I’m very new to scripting in general and am slowly ploughing my way through the laborious bug-irradiation process. I’ve got to a situation where I’m recreating a scene in the Prelude of the NWN1 game where Ansel and Tabitha are practising Turn Undead. I’ve got the script working just fine one one computer: Ansel generates a skeleton and Tabitha uses Turn Undead to blow it up – rinse and repeat. Yet, when I transfer exactly the same code to another computer (both Alienwares of similar specs and using the same Windows 10 operating system) I get a different result. For example, this bit of script for Tabitha:
effect eBludg = EffectDamage(70, DAMAGE_TYPE_BLUDGEONING);
… gives enough umph via
ActionDoCommand(ApplyEffectToObject(DURATION_TYPE_INSTANT, eBludg, oTarget));
to explode the skeleton (oTarget) on one computer, but even set the EffectDamage number up to ridiculously high levels (100000000) the same Aurora compiler on the other computer refused for some unknown reason to explode the skeleton: the skeleton was just knocked down and then died. I’ve gone through both the code and settings on both computers and as far as I can tell everything’s identical. And now I find that when I tested the non-exploding Tabitha script again after turning my computer on this morning, I find that all of a sudden Aurora now does allow the skeleton to explode every time Tabitha uses her Turn Undead spell. I haven’t modified the script at all and now I’m getting a different result! What??

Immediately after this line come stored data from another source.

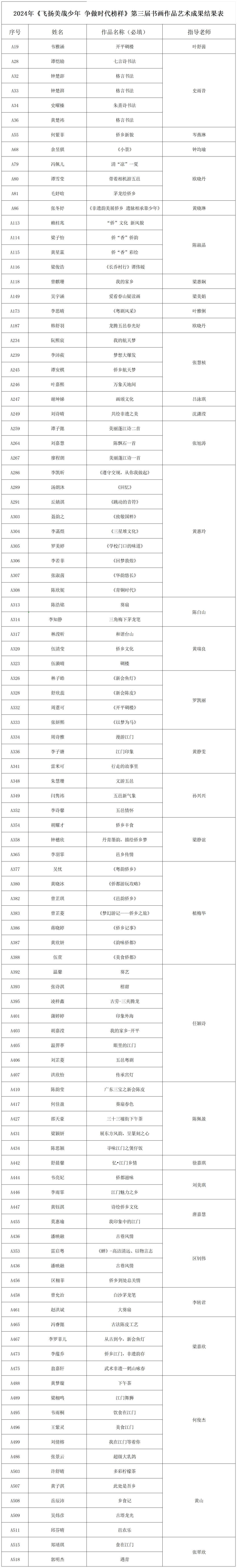 6月28日,2024年《飞扬美哉少年 争做时代榜样》第三届书画作品学习成果评选活动在江门市飞扬美哉少年文化艺术交流中心顺利举行。本次书画征集活动吸引了广大学生书画爱好者的踊跃参与,书画作品投稿来自江门地区的各个学校、培训中心,共收集了1100多幅作品送至项目工作组参加评选。评选分为初选和终选两个阶段,工作组邀请专家老师,本着公平、公正的原则,经过严格的评选后,最终选出获奖作品一等奖104名、二等奖155名、三等奖260名、优秀指导老师奖34名、优秀组织奖10个。(获奖证书可于开幕当天现场领取,或工作日时间到工作组领取)
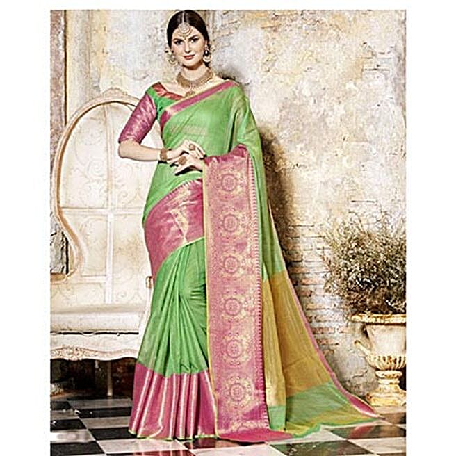 Green Blended Cotton Woven Festival Wear Saree
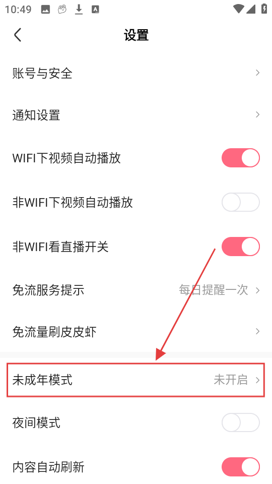 2、在设置页面,找到【未成年模式】选项并点击,进入未成年模式页面哦。

Other things I can’t understand: Why one custom-created character use Turn Undead only three times and another an indefinite number of times?
Why do some skeletons once killed generate a corpse after they die and others not? If you look at the original NWN games the skeletons Tabitha kills never regenerate a corpse, yet for every four or five skeletons Tabitha kills in my script (totally randomly) a corpse materialises into view. I have to use the DestroyObject function to get rid of it.
Any tips / advise would be appreciated. (I’ll give you my full code if you’d like to see it.)